▶ _Task instructions_
The listing is to be returned word for word, without its images.

--- Source data Enclosed Below ---

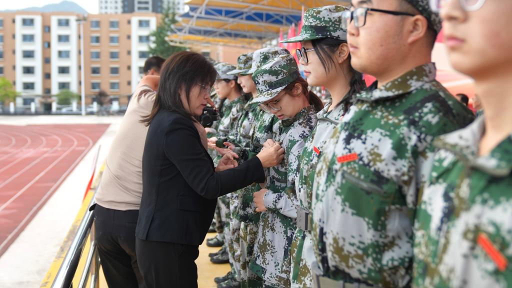向君为2025级新生授军训团团旗,校领导为10个连授连旗。
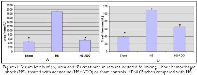 The protective effect of treatment with adenosine before resuscitation was evidenced by markedly lowering the serum levels of urea and creatinine in the hemorrhage treated group as compared to the hemorrhage untreated one(Figure-1).
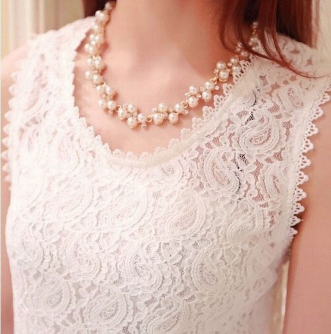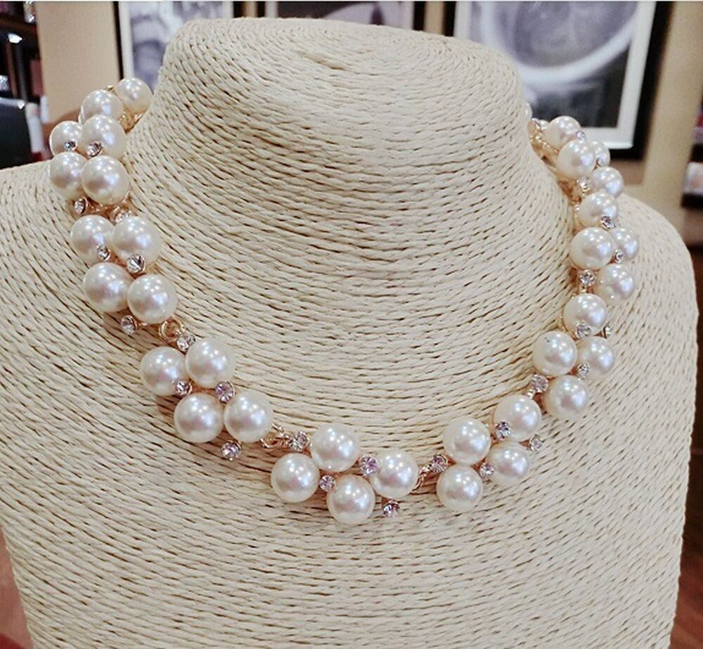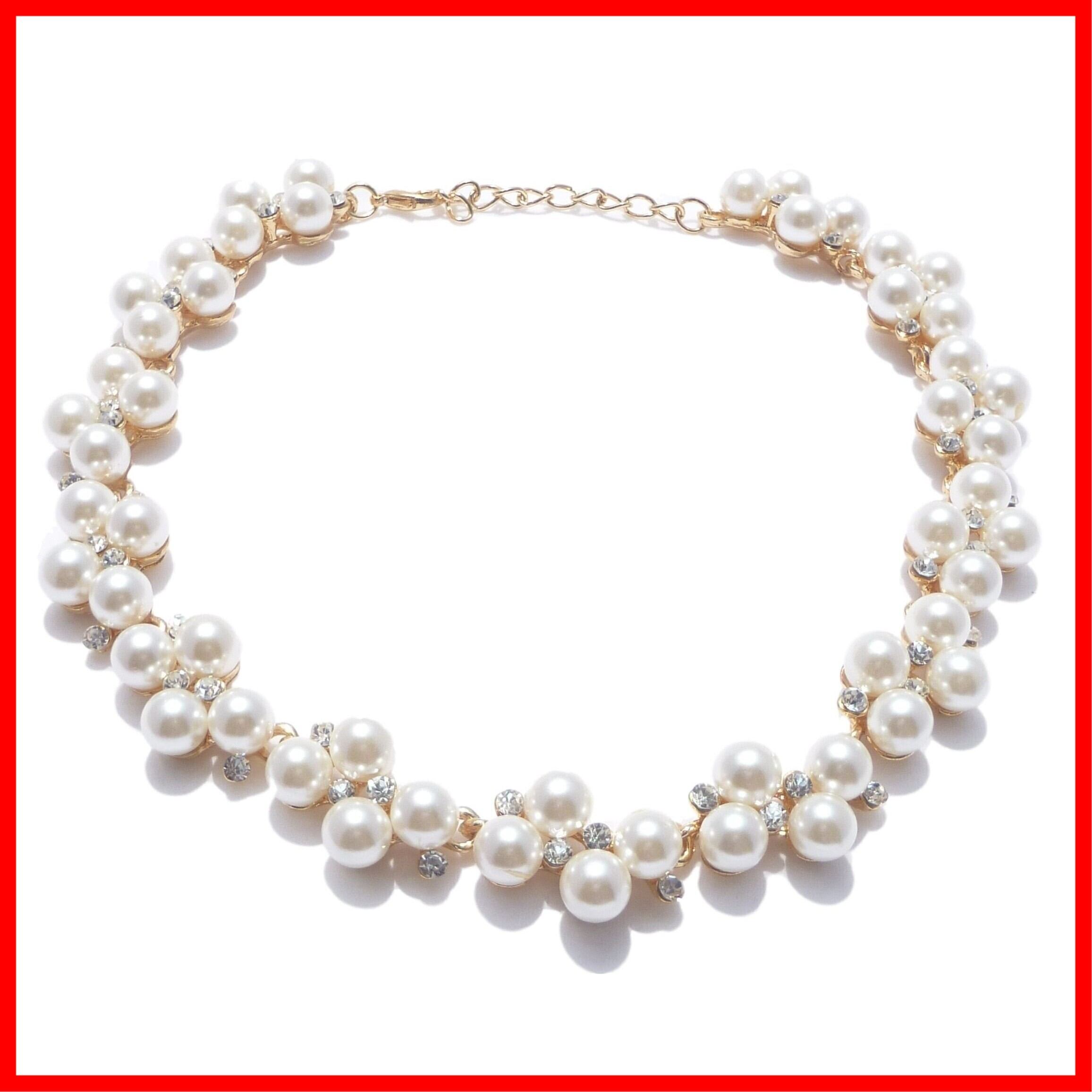 [N-Style] パール ラインストーン ビジュー ネックレス ピアス イヤリング セット レディース

--- End of Enclosed Source data ---

▶ _Result of this exercise_
向君为2025级新生授军训团团旗,校领导为10个连授连旗。
 The protective effect of treatment with adenosine before resuscitation was evidenced by markedly lowering the serum levels of urea and creatinine in the hemorrhage treated group as compared to the hemorrhage untreated one(Figure-1).
 [N-Style] パール ラインストーン ビジュー ネックレス ピアス イヤリング セット レディース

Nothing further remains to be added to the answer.